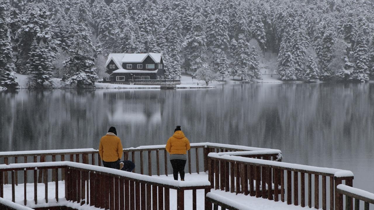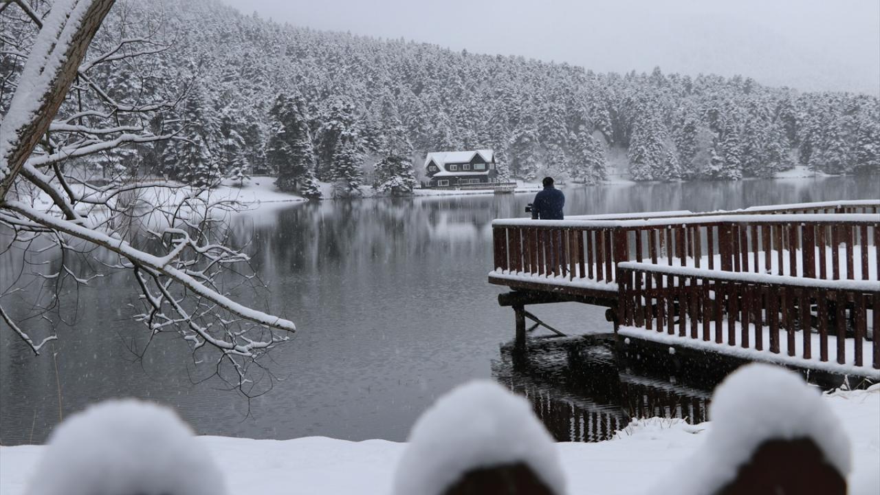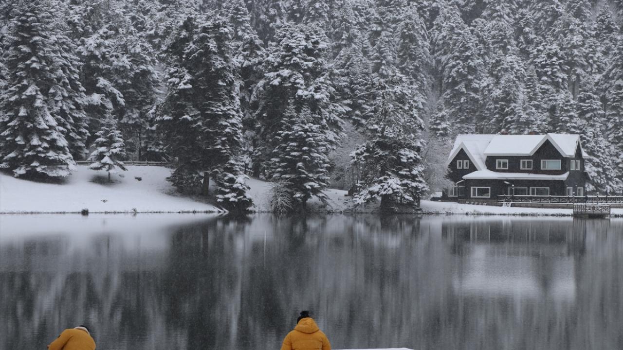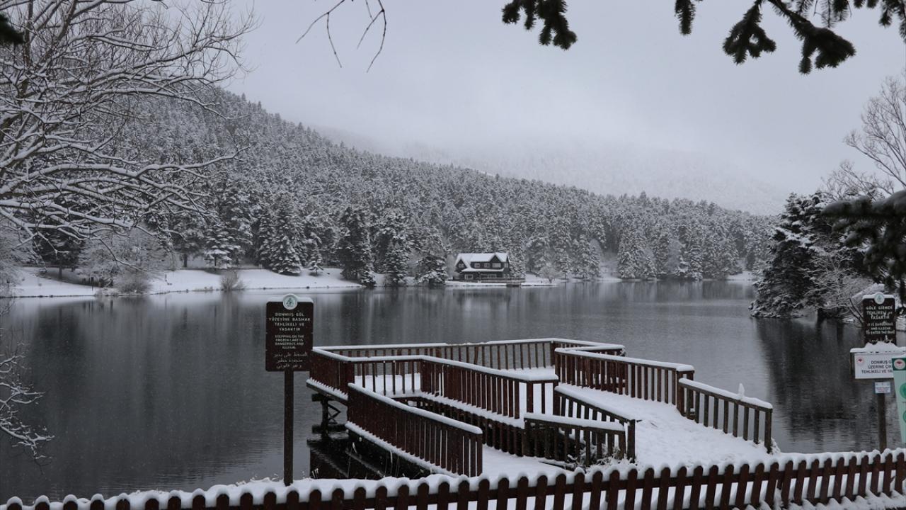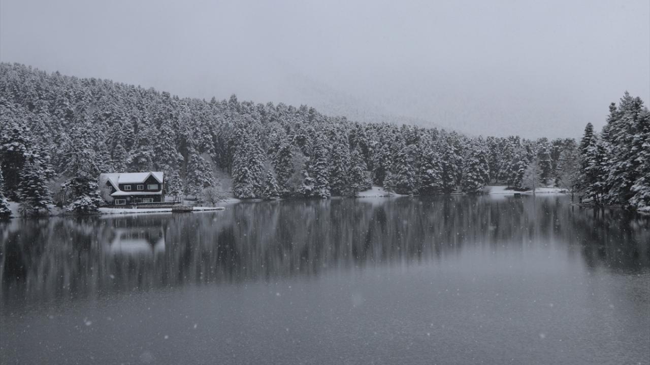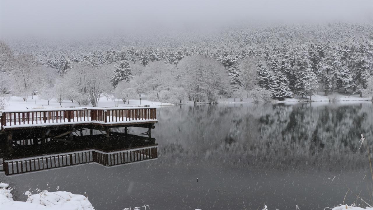 Bolu'nun doğal güzellikleri ile ünlü Gölcük Tabiat Parkı, kar yağışıyla birlikte beyaza büründü.
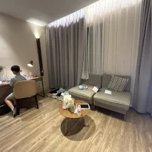 酒店位置非常棒,離地鐵商場都不遠,服務人員非常熱情,房間設施乾淨整潔,外賣有機器人會送到房間;酒店還有洗衣機、烘乾機,電熨斗,而且都是免費使用!超級棒的體驗!
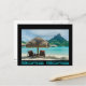 Postcard with a thatched parasol and two sunlounger chairs on a white sand beach in a luxury overwater bungalow resort in the clear blue lagoon of the pacific island of Bora Bora, near Tahiti in French Polynesia with a black border and the text: 'Bora Bora'.
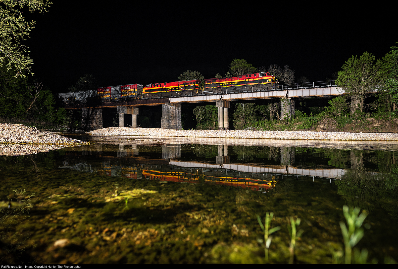 Belles After Dark | As the 11 o'clock hour nears, southbound CPKC intermodal train I180 crosses the Elk River at Ginger Blue, MO on a cool Saturday, April 20, 2024 evening. Just behind the locomotives, the KCS track geometry inpection car is visible.
= = = = = = =
## WORK TASK
Using the data above, give again exactly the lines starting at the one holding "酒店位置非常棒,離地鐵商場都" and ending at the one holding "Postcard with a", inclusive, and nothing more. Omit the pictures.

## SOLUTION
 酒店位置非常棒,離地鐵商場都不遠,服務人員非常熱情,房間設施乾淨整潔,外賣有機器人會送到房間;酒店還有洗衣機、烘乾機,電熨斗,而且都是免費使用!超級棒的體驗!
 Postcard with a thatched parasol and two sunlounger chairs on a white sand beach in a luxury overwater bungalow resort in the clear blue lagoon of the pacific island of Bora Bora, near Tahiti in French Polynesia with a black border and the text: 'Bora Bora'.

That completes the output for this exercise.